Saturday, May 10, 2008
*White Trash Girl by Candye Kane. Big beautiful Candye is a natural-born belter specializing in sexy blues "Work What You Got" is a song title on this 2005 album, but it's also Candye's guiding philosophy.
She does a tough, bluesy version of The Lovin' Spoonfuls' :What a Day for a Daydream"and a funny tune called "Estrogen Bomb." But my favorite here has to be a song that we used to sing in grade school "Let There Be Peace on Earth." (No, I didn't go to some hippie free school -- it was a regular public elementary school in Oklahoma in the '60s. Pretty hip, no?) Of course we didn't sing it with a fraction of Candye's soul.
Last month Candye underwent surgery for pancreatic cancer. She's recovering now and reportedly feeling better. Check out her Web site.

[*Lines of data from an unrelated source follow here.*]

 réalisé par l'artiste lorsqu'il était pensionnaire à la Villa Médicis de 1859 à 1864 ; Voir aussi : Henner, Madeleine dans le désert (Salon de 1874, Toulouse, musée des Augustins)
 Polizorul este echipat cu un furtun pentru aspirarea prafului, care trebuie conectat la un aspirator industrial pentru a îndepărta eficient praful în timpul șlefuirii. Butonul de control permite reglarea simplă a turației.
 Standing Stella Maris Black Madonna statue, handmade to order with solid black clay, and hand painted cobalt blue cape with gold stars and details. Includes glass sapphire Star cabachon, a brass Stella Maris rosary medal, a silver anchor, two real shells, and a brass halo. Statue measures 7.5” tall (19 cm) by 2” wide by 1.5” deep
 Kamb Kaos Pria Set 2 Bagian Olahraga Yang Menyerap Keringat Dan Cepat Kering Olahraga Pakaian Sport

* Never Been Caught by The Mummies . They hailed from San Francisco, but they were a lot more Rice-a-Roni than Haight Ashbury. Spending more money on their Ace Bandage costumes, or so it would seem, than on their pawn-shop instruments, The Mummies called their sound "Budget Rock" (not to be confused with The Fleshtones' "Super Rock."). And it was a pretty apt description, as the production of their music did have a pronounced bargain-basement quality about it. This album, originally released in 1992, sounds like a lost cheap cassette bootleg of some teen dance at a VFW show in South Dakota in the mid '60s (Anybody remember Spider & The Crabs???!!!) When I hear The Mummies rip through The Young Rascals' "Come on Up" and The Righteous Brothers' "Justine" my first instinct is to scream out "Little Latin Lupe Lu!" And then there's "Mariconda's a Friend of Mine," the lyrics of which have been passed down generation to generation in elementary school boys' rooms.

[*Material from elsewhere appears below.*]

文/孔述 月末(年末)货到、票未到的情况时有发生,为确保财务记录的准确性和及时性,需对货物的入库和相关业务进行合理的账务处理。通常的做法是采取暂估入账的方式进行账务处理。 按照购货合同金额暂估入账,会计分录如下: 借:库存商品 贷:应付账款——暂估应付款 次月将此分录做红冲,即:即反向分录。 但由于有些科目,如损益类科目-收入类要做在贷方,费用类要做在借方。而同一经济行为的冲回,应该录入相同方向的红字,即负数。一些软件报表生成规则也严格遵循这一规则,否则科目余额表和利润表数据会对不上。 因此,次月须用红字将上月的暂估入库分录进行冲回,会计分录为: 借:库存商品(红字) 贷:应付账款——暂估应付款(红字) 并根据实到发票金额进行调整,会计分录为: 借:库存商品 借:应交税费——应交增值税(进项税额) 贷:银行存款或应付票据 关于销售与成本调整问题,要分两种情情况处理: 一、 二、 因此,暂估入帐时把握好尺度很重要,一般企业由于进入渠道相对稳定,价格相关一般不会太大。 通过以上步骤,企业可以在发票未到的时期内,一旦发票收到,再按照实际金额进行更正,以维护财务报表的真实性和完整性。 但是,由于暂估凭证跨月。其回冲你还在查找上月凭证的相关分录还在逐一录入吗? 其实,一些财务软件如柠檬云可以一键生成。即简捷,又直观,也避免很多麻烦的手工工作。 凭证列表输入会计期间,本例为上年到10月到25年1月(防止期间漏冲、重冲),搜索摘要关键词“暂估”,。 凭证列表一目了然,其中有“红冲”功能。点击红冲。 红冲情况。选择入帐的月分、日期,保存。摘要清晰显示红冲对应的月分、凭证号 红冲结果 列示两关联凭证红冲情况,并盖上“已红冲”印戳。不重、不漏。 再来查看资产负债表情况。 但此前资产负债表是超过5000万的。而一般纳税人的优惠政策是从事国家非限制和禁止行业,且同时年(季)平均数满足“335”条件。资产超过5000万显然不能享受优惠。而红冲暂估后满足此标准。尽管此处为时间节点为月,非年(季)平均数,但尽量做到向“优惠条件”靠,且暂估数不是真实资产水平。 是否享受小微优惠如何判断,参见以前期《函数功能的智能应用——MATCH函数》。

* Memphis Sanctified Jug Bands 1928-1930. Jug band gospel music! What a concept! These tracks were recorded at a Church of God in Christ in Memphis. The album includes what has what has to be the greatest versions of "He's Got the Whole World in His Hands" I've ever heard. Unfortunately the individual artists aren't listed on the tracks, though the Document Records Web site indicates "Whole World" is performed by Brother Williams Memphis Sanctified Singers.
Not all the songs are jug tunes. There's also some good old fashioned Black preaching with a Holy Ghost-filled choir moaning the Word behind the minister, sometimes with a short jug-band interlude following.

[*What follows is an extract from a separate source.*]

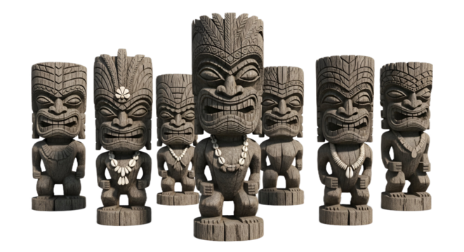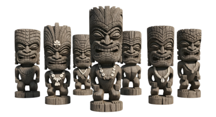 Four ancient stone tiki statues with fierce expressions isolated on transparent background

(Memory Lane: In the late '70s I used to live a couple of doors down from a Church of God in Christ on Gallegos Lane right here in Santa Fe. Sometimes I'd hear some amazing gospel being sung there. The church, however, was sold by the early '80s. The building is still there though.)
* Daptone 7-Inch Singles Collection, Vol. 1 by Various Artists. How can you go wrong with Dap regulars like Sharon Jones & The Dap-Kings, Lee Fields? There's also worthwhile offerings by lesser-known singers like Charlie Bradley and the deep-voiced Naomi Davis, who does a funk-filled tune called "Promised Land" (not the Chuck Berry classic) And there's a couple of instrumental groups -- The Sugarman 3 and Company -- who sounds as if they're making soundtracks for a new crop of Cleopatra Jones movies.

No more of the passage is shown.